Rust hot-path kernels in `epistasis._core`:

- `encode_vectors` (uint8 binary_packed to int8 Hadamard/local encoding)
- `build_model_matrix` (parallel site-product over genotype rows; flat ragged sites layout)
- `fwht` (iterative butterfly Fast Walsh-Hadamard Transform)

## Benchmarks vs v1

Measured on Windows 11 against `epistasis==0.7.5` + `gpmap==0.7.0`. Full biallelic
space (`AT` alphabet), `timeit` best-of-5. See [`benchmarks/vs_v1.py`](benchmarks/vs_v1.py)
for reproducible scripts and setup instructions.

> **Note on v1 times:** the Cython extension in `epistasis 0.7.5` requires MSVC to compile
> and produced no pre-built Windows wheel; times below use the pure-Python fallback, which
> is slower than actual v1+Cython. Even so, the FWHT fast path in v2 is orders of magnitude
> faster at full order.

### fit() order=1 (sklearn lstsq path in both versions)

| L | genotypes | v1 (ms) | v2 (ms) | speedup |
|---|-----------|---------|---------|---------|
| 8 | 256 | 12.98 | 1.81 | 7x |
| 10 | 1,024 | 44.07 | 2.02 | 22x |
| 12 | 4,096 | 183.13 | 2.61 | 70x |
| 14 | 16,384 | 807.37 | 5.08 | 159x |
| 16 | 65,536 | 3,771.14 | 19.35 | 195x |

### fit() full order (v1: dense lstsq, v2: FWHT O(N log N))

| L | genotypes | v1 (ms) | v2 (ms) | speedup |
|---|-----------|---------|---------|---------|
| 8 | 256 | 195.16 | 1.75 | 111x |
| 10 | 1,024 | 3,004.81 | 3.10 | 969x |
| 12 | 4,096 | 59,344.00 | 8.97 | >6,000x |
| 14 | 16,384 | (hours) | 35.50 | |
| 16 | 65,536 | (hours) | 154.15 | |

### Rust kernel vs NumPy reference (internal; release build, 16 threads; see `benches/`)
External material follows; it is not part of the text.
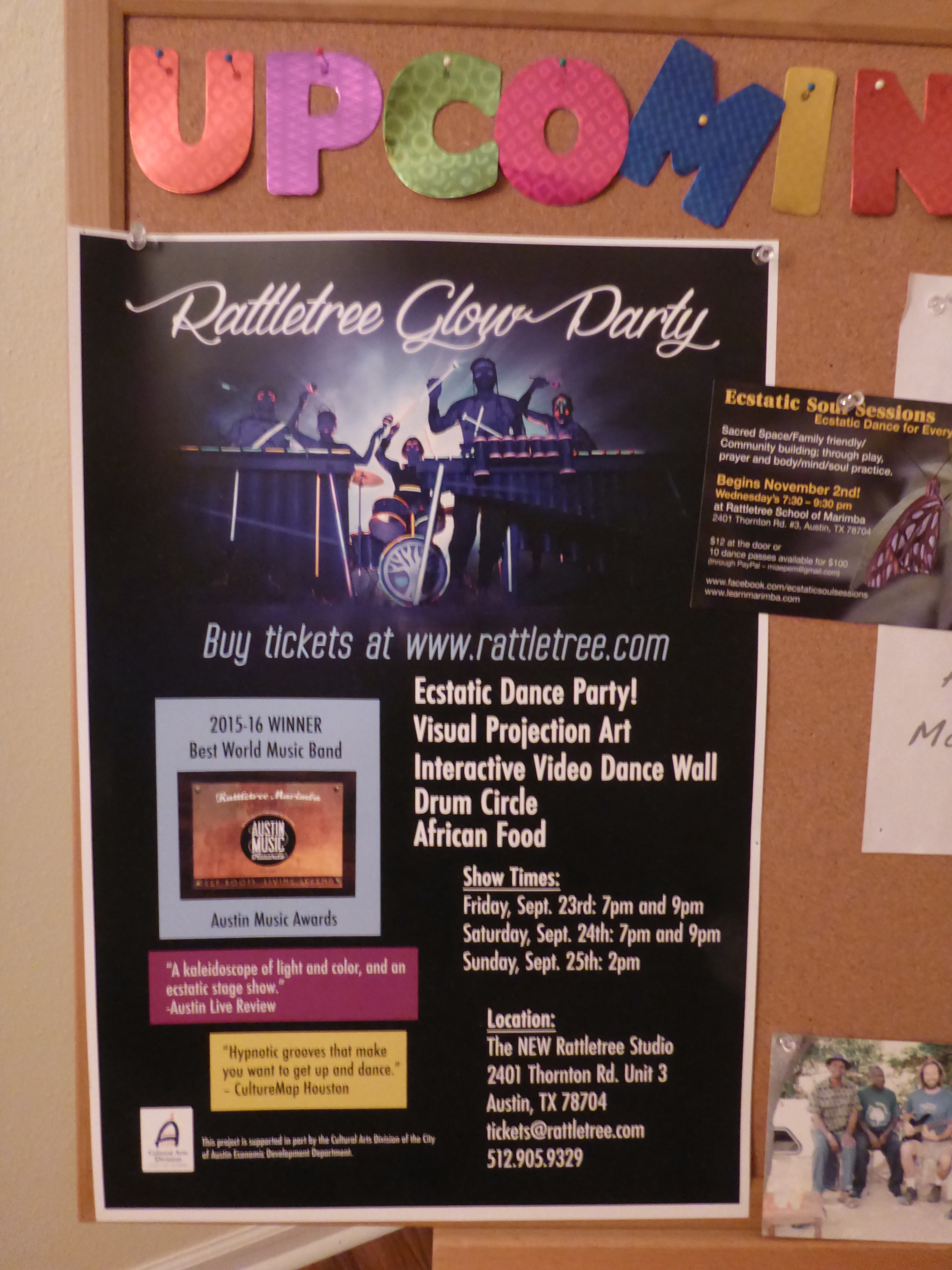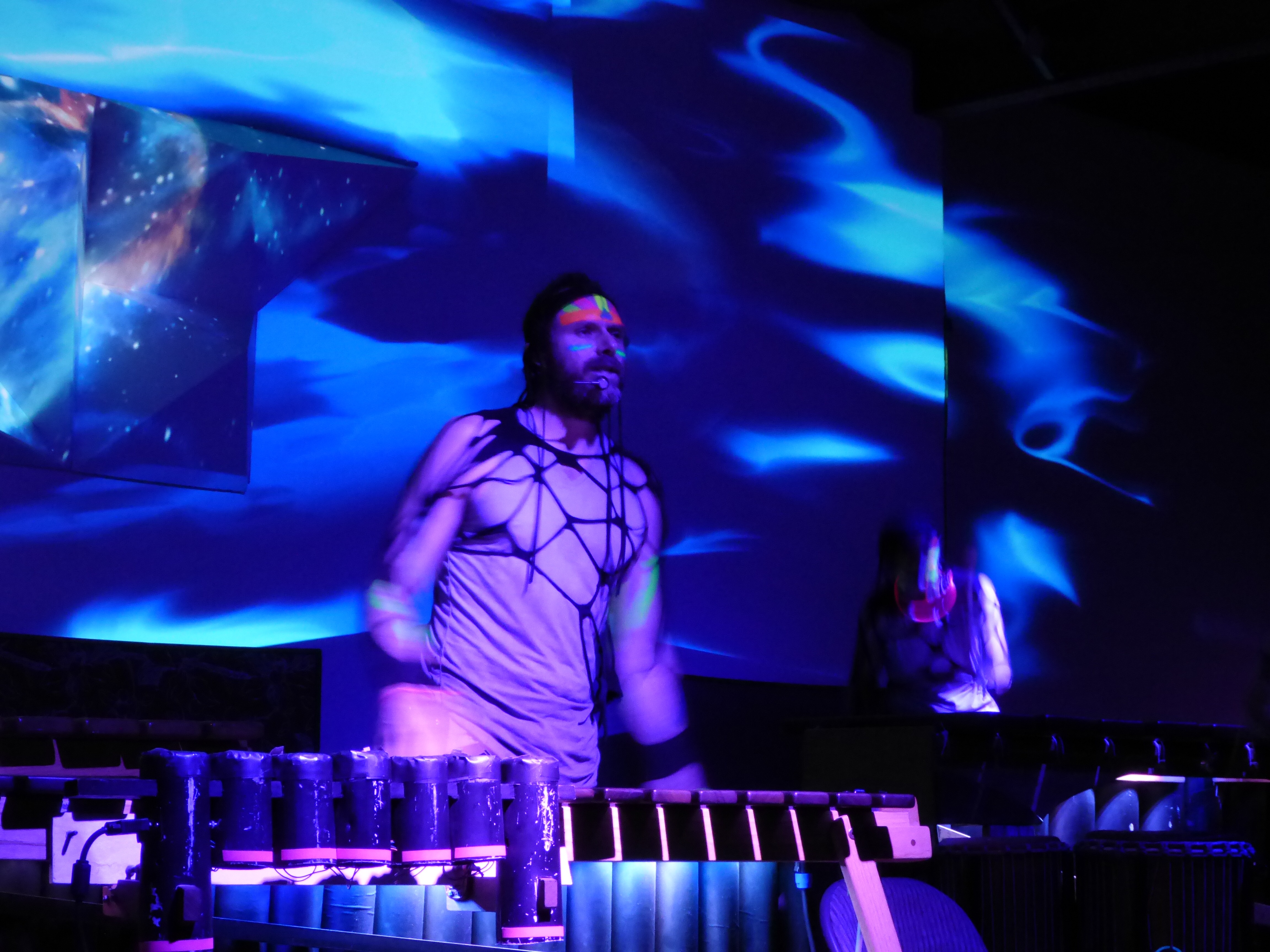What happens at the Rattletree Glow Party, you might ask? You put on your glow stuff, and maybe get your face painted. You take off your shoes at the door as per the rules. Then you can chill out and listen to DJ Happy Happy James, or get your dance on. When the marimba music starts, you are in musical heaven. Joel Laviolette and his band are so much fun. It was a great celebration of the new studio home for the Rattletree School of Marimba.

| kernel | input | Rust | NumPy reference | speedup |
|--------|-------|------|-----------------|---------|
| `build_model_matrix` | L=12, order=3 | 1.7 ms | 10.1 ms | ~6x |
| `build_model_matrix` | L=16, order=3 | 50 ms | 283 ms | ~5.7x |
| `encode_vectors` | L=16 (65k genotypes) | 1.06 ms | 3.24 ms | ~3x |
| `EpistasisLinearRegression.fit` | full-order L=10 | 0.78 ms | 292 ms (lstsq) | ~375x |
| `EpistasisLinearRegression.fit` | full-order L=12 | 3.4 ms | 15.4 s (lstsq) | ~4500x |

Pending:

- Sparse design matrix path for Lasso / ElasticNet (memory at L >= 20)
- `power.py` and `spline.py` nonlinear variants
- Remaining classifier implementations if demand surfaces
- ReadTheDocs build

## Contributing

See [CONTRIBUTING.md](CONTRIBUTING.md). Commits follow [Conventional Commits](https://www.conventionalcommits.org/); releases and the changelog are automated by `python-semantic-release`.

## License

Unlicense (public domain). See [UNLICENSE](UNLICENSE).